I’m a little confused about this. My son applied to the University of WA, which says on its website that it has an acceptance rate of 52%. We just got a newsletter email from the school, however, which says they received 52,000 applications for about 7000 freshman spots. This is more like a 13% acceptance rate, which is certainly changing my view of his chances of getting in!
Anyone know something that explains this discrepancy? Thx!
Also remember UW acceptance rates varies by school - computer science, engineering and Foster all have a significantly lower acceptance rate - as does in state vs out of state.
So just to make sure I’m understanding this, more than 7000 were accepted, but of those, only 7000 decided to attend? So they may actually accept 50% or so of the 52K applicants?
…good thing my kid is smart. I think I’m too dumb to figure this stuff out!
Yes. Roughly 28,000 were accepted to find 7000 who would attend.

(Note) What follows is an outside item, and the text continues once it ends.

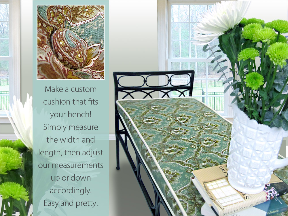 Our cushion was made to fit a 18″ x 48″ wrought iron bench and finishes at approximately 2″ thick. This is a pretty standard size, but remember, the beauty of this project is to make a custom cushion that fits YOUR bench! Simply measure the width and length, then adjust our measurements up or down accordingly.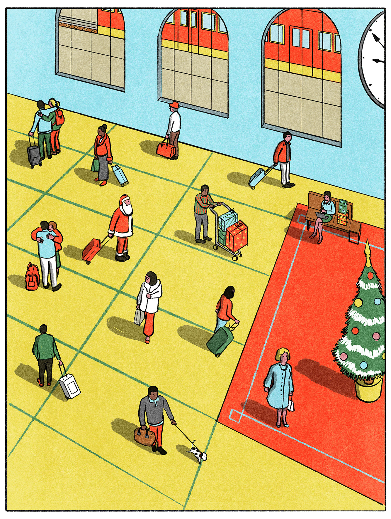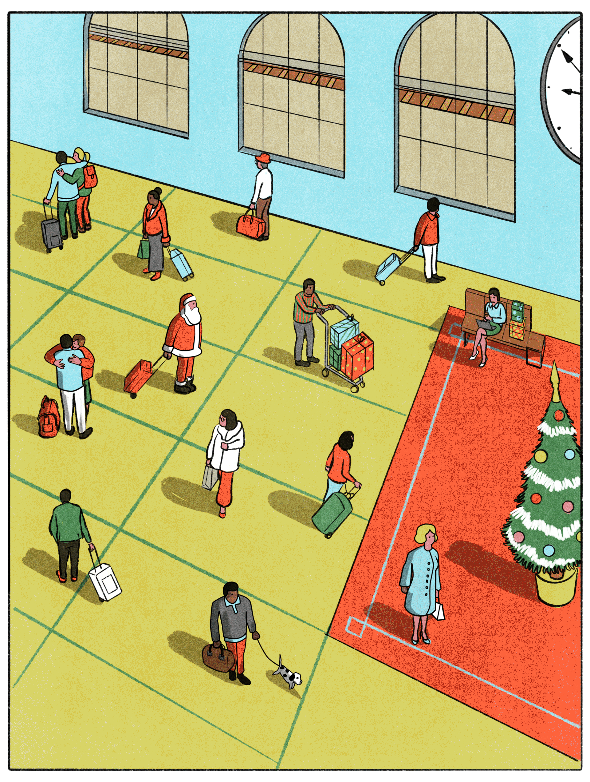 The artworks capture the festive, urban rhythm of the season — scenes of travel, shopping, and celebration — with a refined, mid-century inspired aesthetic and clean composition.

Yield at good publics is usually below 50%. Schools like UW are very good, and competitive. Students who get in though, are often good enough to be accepted to schools they view as more desirable. Students can have a reduced opinion of their home school, even though outsiders have high opinions. Even Berkeley and Michigan hover at 40%. I guess it’s the familiarity.
I’ve seen other cases in which universities used the “XXX applications for XXX spots” wording in their emails/news releases. They surely do it knowing that many people will not take yield into account and thus interpret the information as you did.